Das Verkehrslexikon

A     B     C     D     E     F     G     H     I     K     L     M     N     O     P     Q     R     S     T     U     V     W     Z    

OLG Frankfurt am Main Urteil vom 03.12.2004 - 24 U 201/03 - Zum Anscheinsbeweis für Unfallverursachung durch fehlende Fahrradbeleuchtung

OLG Frankfurt am Main v. 03.12.2004: Zum Anscheinsbeweis für Unfallverursachung durch fehlende Fahrradbeleuchtung


Siehe auch Radfahrer im Verkehrsrecht und Stichwörter zum Thema Fahrrad und Radfahrer





Das OLG Frankfurt am Main (Urteil vom 03.12.2004 - 24 U 201/03 ) hat in einem Fall, in dem eine Autofahrerin zwei Radfahrern, die ohne Licht in der Dunkelheit fuhren, plötzlich ausweichen musste und dabei mit einem entgegenkommenden Kfz kollidierte, 60 % ihres Schadens zugesprochen. Es hat ausgeführt, dass sich die Haftung bereits aus den Anscheinsbeweisregeln ergebe. Im einzelnen heißt es in dem Urteil:

"Die Beklagten mussten die vorgeschriebenen Beleuchtungseinrichtungen nicht nur an ihren Rädern führen, sondern sie auch benutzen; das war nämlich angesichts einbrechender Dunkelheit erforderlich (§ 17 Abs. 1 StVO). Wie das Landgericht - ebenfalls - zutreffend hervorgehoben hat, kann es dabei dahingestellt bleiben, ob der Unfall sich erst um 16.55 Uhr oder schon um 16.45 Uhr ereignete.

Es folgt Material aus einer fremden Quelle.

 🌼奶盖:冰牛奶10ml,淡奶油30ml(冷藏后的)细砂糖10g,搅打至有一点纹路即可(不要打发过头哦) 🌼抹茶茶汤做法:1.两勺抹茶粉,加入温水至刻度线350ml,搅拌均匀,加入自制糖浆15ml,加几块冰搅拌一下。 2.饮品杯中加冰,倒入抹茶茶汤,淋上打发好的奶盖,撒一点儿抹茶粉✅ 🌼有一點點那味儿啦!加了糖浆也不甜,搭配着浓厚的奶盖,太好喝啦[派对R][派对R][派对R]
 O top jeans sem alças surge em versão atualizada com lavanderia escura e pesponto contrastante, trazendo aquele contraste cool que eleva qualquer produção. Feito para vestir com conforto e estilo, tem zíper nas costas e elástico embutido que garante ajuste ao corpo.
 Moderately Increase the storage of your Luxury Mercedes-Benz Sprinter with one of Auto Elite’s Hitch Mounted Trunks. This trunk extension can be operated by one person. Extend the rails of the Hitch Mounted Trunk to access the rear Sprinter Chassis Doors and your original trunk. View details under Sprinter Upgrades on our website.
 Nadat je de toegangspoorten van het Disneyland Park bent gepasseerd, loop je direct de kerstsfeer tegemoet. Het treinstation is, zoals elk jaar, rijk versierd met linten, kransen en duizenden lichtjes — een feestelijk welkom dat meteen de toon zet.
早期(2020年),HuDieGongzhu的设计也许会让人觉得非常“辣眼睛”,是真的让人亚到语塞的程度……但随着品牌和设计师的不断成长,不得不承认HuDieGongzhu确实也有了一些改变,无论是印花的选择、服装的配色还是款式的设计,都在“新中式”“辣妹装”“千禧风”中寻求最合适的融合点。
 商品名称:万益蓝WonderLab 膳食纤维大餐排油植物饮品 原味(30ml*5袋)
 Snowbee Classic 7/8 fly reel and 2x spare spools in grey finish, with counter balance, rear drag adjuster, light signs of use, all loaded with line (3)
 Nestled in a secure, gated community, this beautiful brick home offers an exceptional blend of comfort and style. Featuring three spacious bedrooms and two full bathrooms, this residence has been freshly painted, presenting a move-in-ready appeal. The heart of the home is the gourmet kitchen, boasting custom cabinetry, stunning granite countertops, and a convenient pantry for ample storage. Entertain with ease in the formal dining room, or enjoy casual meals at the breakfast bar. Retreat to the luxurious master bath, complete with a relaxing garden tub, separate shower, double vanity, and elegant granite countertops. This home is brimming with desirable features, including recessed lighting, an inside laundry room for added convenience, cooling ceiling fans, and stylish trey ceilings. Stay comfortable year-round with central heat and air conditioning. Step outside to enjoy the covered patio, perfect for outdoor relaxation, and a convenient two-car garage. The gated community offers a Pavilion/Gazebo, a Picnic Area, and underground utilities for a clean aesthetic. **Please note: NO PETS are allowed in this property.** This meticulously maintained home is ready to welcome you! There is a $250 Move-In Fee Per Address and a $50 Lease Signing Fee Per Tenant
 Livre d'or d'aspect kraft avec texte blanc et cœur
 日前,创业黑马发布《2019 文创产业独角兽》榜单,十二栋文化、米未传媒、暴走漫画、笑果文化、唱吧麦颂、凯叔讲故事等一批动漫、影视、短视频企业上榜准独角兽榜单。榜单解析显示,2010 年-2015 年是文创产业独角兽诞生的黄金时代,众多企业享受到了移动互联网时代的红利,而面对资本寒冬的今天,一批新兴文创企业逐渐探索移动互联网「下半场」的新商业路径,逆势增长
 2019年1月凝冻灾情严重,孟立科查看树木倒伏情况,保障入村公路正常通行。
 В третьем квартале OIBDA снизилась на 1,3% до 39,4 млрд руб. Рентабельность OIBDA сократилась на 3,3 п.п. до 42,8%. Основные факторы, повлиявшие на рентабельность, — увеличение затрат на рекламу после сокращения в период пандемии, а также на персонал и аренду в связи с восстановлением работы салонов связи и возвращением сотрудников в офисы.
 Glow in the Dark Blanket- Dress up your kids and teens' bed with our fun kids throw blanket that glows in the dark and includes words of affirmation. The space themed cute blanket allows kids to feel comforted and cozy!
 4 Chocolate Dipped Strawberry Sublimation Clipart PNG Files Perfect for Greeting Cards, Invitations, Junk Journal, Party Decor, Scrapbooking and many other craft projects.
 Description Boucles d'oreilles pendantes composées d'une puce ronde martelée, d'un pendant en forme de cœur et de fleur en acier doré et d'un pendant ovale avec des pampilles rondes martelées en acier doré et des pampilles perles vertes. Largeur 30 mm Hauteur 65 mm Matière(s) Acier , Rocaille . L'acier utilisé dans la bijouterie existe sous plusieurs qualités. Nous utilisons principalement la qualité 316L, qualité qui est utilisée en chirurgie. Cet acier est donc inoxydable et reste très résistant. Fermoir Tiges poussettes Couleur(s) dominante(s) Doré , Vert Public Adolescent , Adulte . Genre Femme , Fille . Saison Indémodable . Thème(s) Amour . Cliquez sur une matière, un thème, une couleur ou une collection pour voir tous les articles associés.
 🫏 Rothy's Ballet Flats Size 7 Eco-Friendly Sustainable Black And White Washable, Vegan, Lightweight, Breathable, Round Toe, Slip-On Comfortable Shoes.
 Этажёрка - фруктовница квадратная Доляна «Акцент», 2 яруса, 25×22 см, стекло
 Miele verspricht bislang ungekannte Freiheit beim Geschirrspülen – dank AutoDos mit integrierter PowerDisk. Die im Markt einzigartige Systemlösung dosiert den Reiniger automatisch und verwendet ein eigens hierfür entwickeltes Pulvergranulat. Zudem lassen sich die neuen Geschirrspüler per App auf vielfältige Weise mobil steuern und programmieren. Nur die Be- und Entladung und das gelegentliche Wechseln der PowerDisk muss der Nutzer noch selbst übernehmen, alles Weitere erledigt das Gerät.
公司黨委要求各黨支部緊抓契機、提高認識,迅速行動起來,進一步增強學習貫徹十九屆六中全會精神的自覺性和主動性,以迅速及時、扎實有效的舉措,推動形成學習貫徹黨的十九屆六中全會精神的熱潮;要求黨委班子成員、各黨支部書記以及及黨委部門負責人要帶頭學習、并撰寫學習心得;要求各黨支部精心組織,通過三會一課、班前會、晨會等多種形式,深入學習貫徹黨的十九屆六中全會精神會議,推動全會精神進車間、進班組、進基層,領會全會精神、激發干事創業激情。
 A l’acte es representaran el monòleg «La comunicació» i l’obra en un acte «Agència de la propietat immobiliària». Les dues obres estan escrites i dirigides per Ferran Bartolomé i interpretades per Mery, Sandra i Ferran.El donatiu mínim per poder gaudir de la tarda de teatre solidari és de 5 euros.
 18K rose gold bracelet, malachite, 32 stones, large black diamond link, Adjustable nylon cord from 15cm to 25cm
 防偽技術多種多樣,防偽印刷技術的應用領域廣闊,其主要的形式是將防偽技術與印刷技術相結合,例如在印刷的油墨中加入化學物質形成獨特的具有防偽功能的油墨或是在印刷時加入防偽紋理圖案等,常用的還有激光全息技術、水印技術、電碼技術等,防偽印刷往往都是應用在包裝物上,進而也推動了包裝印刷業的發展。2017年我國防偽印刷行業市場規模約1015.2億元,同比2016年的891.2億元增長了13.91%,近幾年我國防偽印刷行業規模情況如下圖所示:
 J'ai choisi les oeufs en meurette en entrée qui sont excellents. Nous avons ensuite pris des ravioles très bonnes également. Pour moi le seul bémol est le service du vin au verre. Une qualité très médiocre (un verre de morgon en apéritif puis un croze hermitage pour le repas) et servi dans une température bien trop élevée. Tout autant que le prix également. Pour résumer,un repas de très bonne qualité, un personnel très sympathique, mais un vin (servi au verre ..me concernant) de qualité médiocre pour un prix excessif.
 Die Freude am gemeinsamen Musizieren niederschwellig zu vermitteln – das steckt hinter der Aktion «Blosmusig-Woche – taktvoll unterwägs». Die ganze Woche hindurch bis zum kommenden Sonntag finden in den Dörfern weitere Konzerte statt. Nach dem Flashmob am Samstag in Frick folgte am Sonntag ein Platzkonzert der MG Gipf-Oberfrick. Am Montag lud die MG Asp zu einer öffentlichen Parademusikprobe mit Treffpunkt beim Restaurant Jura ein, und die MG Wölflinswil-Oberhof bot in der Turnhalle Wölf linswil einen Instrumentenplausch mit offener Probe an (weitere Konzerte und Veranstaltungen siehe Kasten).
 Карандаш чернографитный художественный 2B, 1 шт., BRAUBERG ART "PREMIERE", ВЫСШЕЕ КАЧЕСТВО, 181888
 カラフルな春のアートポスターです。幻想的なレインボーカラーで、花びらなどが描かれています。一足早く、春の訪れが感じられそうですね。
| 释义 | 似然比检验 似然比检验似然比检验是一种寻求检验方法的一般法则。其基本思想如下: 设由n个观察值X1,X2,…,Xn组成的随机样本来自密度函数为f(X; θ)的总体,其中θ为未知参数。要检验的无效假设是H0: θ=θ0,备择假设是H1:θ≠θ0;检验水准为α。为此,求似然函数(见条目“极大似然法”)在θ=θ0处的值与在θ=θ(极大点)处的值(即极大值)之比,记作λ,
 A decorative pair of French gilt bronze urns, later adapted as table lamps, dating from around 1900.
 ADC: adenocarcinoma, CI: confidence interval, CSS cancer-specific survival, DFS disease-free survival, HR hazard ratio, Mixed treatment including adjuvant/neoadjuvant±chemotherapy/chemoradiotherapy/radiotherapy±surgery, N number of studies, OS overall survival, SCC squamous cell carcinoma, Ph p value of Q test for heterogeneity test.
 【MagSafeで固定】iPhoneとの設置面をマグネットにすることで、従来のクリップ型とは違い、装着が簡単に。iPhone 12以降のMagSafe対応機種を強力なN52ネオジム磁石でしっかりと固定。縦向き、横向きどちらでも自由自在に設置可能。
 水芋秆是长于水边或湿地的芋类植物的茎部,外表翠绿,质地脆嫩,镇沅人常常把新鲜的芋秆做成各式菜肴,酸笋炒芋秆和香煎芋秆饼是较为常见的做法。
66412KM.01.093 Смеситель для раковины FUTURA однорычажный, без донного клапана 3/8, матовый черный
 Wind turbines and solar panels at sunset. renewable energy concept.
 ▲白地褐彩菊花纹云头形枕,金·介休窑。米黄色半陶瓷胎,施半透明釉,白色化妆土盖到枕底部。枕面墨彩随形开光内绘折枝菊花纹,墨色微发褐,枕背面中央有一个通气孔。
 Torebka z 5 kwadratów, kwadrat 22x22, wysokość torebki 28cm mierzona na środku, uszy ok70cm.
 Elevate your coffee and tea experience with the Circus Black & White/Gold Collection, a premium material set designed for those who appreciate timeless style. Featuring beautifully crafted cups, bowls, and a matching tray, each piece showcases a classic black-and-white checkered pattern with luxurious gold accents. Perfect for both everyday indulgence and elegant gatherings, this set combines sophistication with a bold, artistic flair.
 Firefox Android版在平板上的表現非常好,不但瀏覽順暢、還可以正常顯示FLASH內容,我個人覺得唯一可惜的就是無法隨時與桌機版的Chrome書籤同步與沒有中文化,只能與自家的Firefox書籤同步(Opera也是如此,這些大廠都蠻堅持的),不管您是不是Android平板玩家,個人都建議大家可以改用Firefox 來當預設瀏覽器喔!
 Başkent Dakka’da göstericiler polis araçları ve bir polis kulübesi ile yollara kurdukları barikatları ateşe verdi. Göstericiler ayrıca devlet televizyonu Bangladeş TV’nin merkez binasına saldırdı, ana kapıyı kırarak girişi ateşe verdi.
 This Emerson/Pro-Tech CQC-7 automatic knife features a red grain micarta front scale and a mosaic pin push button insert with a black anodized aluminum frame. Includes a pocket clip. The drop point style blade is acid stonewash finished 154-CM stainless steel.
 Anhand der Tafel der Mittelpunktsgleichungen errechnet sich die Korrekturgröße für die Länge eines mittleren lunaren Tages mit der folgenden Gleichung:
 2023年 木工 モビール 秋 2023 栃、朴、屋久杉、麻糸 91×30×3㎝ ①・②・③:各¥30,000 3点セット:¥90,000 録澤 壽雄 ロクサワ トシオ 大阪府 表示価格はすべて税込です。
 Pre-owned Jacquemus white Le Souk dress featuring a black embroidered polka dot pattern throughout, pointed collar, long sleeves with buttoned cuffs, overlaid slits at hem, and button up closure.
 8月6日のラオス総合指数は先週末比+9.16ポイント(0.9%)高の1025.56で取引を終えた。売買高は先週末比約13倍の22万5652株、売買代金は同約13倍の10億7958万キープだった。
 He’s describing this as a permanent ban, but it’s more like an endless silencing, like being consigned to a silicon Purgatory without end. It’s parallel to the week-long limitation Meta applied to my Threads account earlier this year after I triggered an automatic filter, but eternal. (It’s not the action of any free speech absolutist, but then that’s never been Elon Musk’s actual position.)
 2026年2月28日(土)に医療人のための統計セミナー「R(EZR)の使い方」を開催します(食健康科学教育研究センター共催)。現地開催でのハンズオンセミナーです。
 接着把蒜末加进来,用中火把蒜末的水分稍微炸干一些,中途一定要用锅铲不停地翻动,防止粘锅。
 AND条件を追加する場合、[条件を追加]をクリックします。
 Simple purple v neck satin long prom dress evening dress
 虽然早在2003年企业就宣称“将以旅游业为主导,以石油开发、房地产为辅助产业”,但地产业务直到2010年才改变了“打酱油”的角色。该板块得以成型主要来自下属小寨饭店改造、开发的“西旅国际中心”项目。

Aus von ihm den eingeholten gutachtlichen Stellungnahmen des deutschen Wetterdienstes und des Sachverständigen SV 1 ergibt sich nämlich, dass auch bereits um 16.45 Uhr nur noch derart schwaches Tageslicht vorhanden war, dass die Benutzung von Beleuchtungseinrichtungen zwingend erforderlich war, um die Erkennbarkeit der Beklagten zu sichern.

Mit dem Landgericht nimmt auch das Berufungsgericht in Übereinstimmung mit der herrschenden Rechtsprechung und Literatur einen Anscheinsbeweis für die Unfallursächlichkeit des Verstoßes gegen die Vorschriften zur Beleuchtung von Fahrzeugen an: Es gehört zu den ganz typischen Folgen der Nichtbenutzung notwendiger Beleuchtungseinrichtungen, dass ein Verkehrsteilnehmer zu spät gesehen wird; eine typische „Verlaufsvariante“ ist die, die die Klägerin - übrigens ausweislich der polizeilichen Verkehrsunfallanzeige noch unter dem unmittelbaren Eindruck des Unfalles, ohne dass sie Gelegenheit gehabt hätte, sich etwas „zurecht zu legen“ - beschrieben hat, dass sie nämlich wegen des für sie plötzlichen Auftauchens der Radfahrer zu ruckartigen Ausweichbewegungen gezwungen war und dabei die Kontrolle über ihr Fahrzeug verlor. Es ist der ganz offensichtliche Zweck der Vorschriften über die Ausrüstung mit und die Benutzung von Beleuchtungseinrichtungen, die Sichtbarkeit von Fahrzeugen in der Dämmerung und Dunkelheit zu gewährleisten.

Der Anscheinsbeweis ist nicht erschüttert. Für die Behauptung der Beklagten, die Klägerin sei erst nach dem Überholen ins Schleudern geraten, finden sich keinerlei tatsächliche Anhaltspunkte. Gerade dann, wenn - wie die Beklagten es vorausgesetzt sehen wollen - es sich um einen ganz gewöhnlichen Überholvorgang gehandelt hätte, wäre überhaupt kein Grund dafür ersichtlich, wieso die Klägerin auf über weite Strecke völlig gerade verlaufender Landstraße hätte ins Schleudern kommen sollen.

Nicht ernstlich kann sich das Berufungsgericht dem Hinweis der Beklagten darauf annähern, die Klägerin sei wegen „überhöhter Geschwindigkeit“ ins Schleudern geraten - auf gerade verlaufender Fahrbahn stellte eine Fahrgeschwindigkeit von 80 - 95 km/h sicherlich keine „unangemessene Geschwindigkeit“ dar; hierbei bedarf es noch nicht einmal des Hinweises darauf, dass außer tageszeitbedingten keine wesentlichen Einschränkungen der Sicht gegeben waren (nach Auskunft des deutschen Wetterdienstes betrug die Sichtweite bei - eventuell - leichtem Regen ca. 20 km)."